Twee as fuck.
I'm currently obsessed with a Rough Trade comp called Indiepop1, a collection of '80s and early '90s 7"s from My Bloody Valentine, The Vaselines, The Magnetic Fields, blah blah blah. Inside, there's a reprint of a flyer that promises a show from one of the bands will be "Twee as Fuck." I love the expression and it's supposed to be endearing, so it's odd that I kept thinking of it as I sat through the airless and flat Finding Neverland.
People, Marc Forster and the good folks at Miramax have scrubbed the JM Barrie story into nothing. I fully expect filmmakers to take artistic liberty when they are telling biographical stories, but Forster and co. have juggled time lines, deleted family members and cleaned up dirty little secrets to aid in creating the worst kind of glossy, feel-good Oscar-pandering fluff. I guess we're supposed to root for this cinematic version of JM Barrie--the grown man obsessed with little boys and their innocene--but if you stop for a moment, block out the Splendatm score and pisspoor editing (and sumptuous costumes!

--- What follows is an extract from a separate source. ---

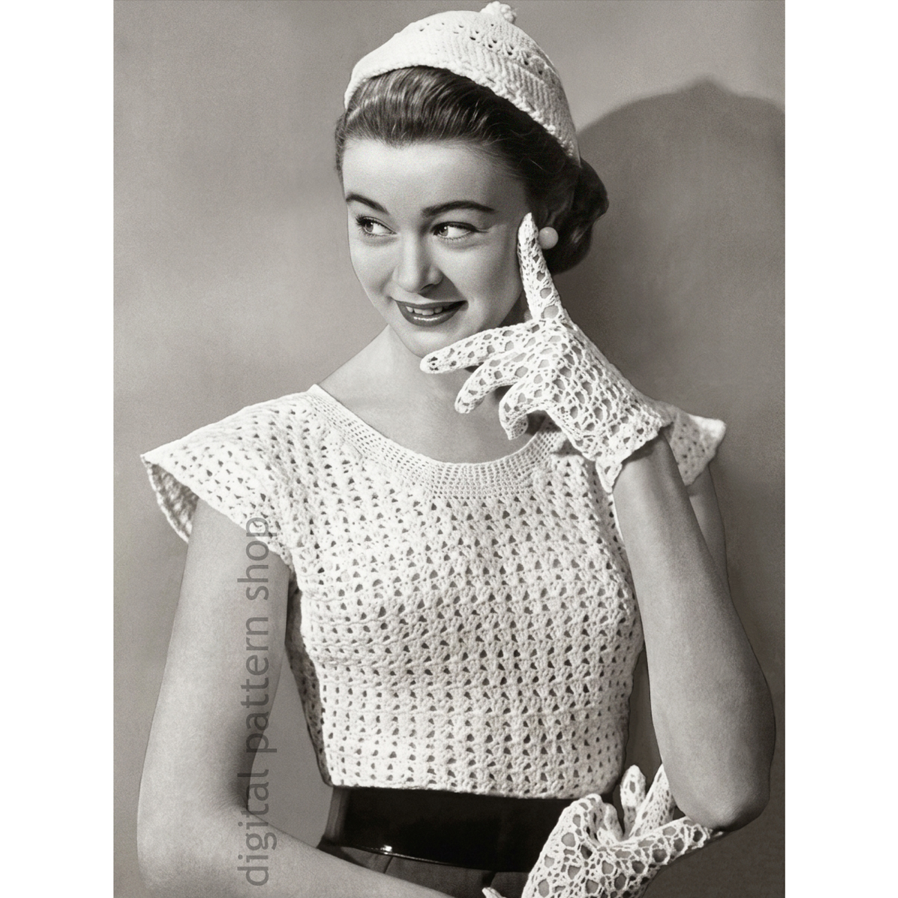 1940s Vintage Jumper Top, Cap and Gloves Crochet Pattern: This very charming set is simple to crochet in cotton, a jumper, a cap, and lacy gloves. Make it in white for Spring to wear with a grey or navy suit, or in your favourite color to wear the rest of the year.

I smell an Oscar nomination!), and think about the situation, you realize just what a selfish dick he is and start feeling bad for his ignored wife.
It doesn't help that when Forster decides to take us into Barrie's much-ballyhooed imagination it comes across as either Diet Fellini or some kind of low-budget musical that's being shot on a Shakespearean fetish-porn set. Hoorah for dancing bears (are we in John Irving country here?) and, um, "stylized" cowboys and injuns.
OK, I'm ending it here. Why am I working myself into a lather over a film that will ultimately wind up as the 4:00 am selection on TCM's Johnny Depp day in the year 2067? OK, I'll say something nice: it wasn't as bad as Beyond the Sea.